SUPPLIED DATA:
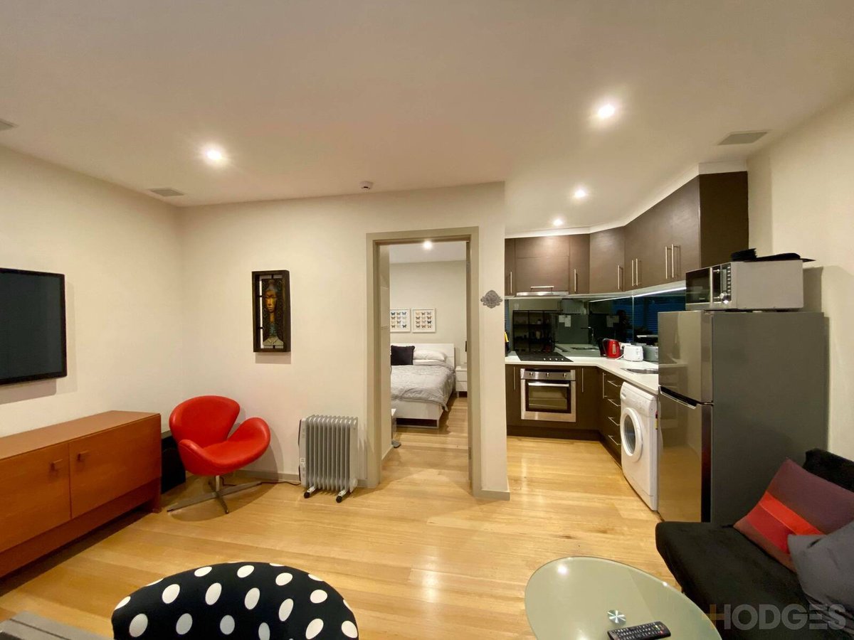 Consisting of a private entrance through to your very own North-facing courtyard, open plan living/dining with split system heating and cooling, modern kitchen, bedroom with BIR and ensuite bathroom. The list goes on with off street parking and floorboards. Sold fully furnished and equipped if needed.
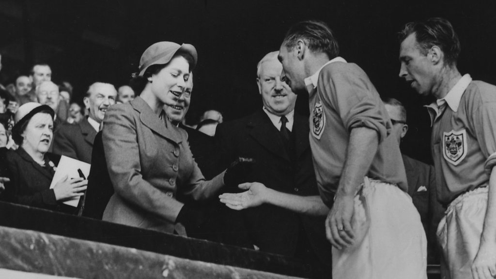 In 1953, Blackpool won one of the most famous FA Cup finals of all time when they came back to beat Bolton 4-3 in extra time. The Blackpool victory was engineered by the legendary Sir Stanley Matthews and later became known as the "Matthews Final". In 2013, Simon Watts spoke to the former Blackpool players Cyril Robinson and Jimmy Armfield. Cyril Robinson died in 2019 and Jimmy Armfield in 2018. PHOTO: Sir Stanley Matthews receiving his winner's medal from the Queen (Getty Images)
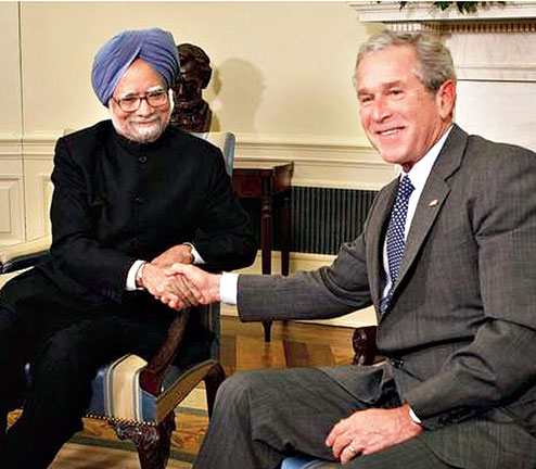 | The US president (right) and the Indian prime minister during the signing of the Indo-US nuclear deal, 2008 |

DIRECTIONS FOR THIS TASK: Please return exactly the lines above, from where the listing starts to the line holding "In 1953, Blackpool", inclusive, with the pictures omitted.

OUTPUT OF THE TASK:
 Consisting of a private entrance through to your very own North-facing courtyard, open plan living/dining with split system heating and cooling, modern kitchen, bedroom with BIR and ensuite bathroom. The list goes on with off street parking and floorboards. Sold fully furnished and equipped if needed.
 In 1953, Blackpool won one of the most famous FA Cup finals of all time when they came back to beat Bolton 4-3 in extra time. The Blackpool victory was engineered by the legendary Sir Stanley Matthews and later became known as the "Matthews Final". In 2013, Simon Watts spoke to the former Blackpool players Cyril Robinson and Jimmy Armfield. Cyril Robinson died in 2019 and Jimmy Armfield in 2018. PHOTO: Sir Stanley Matthews receiving his winner's medal from the Queen (Getty Images)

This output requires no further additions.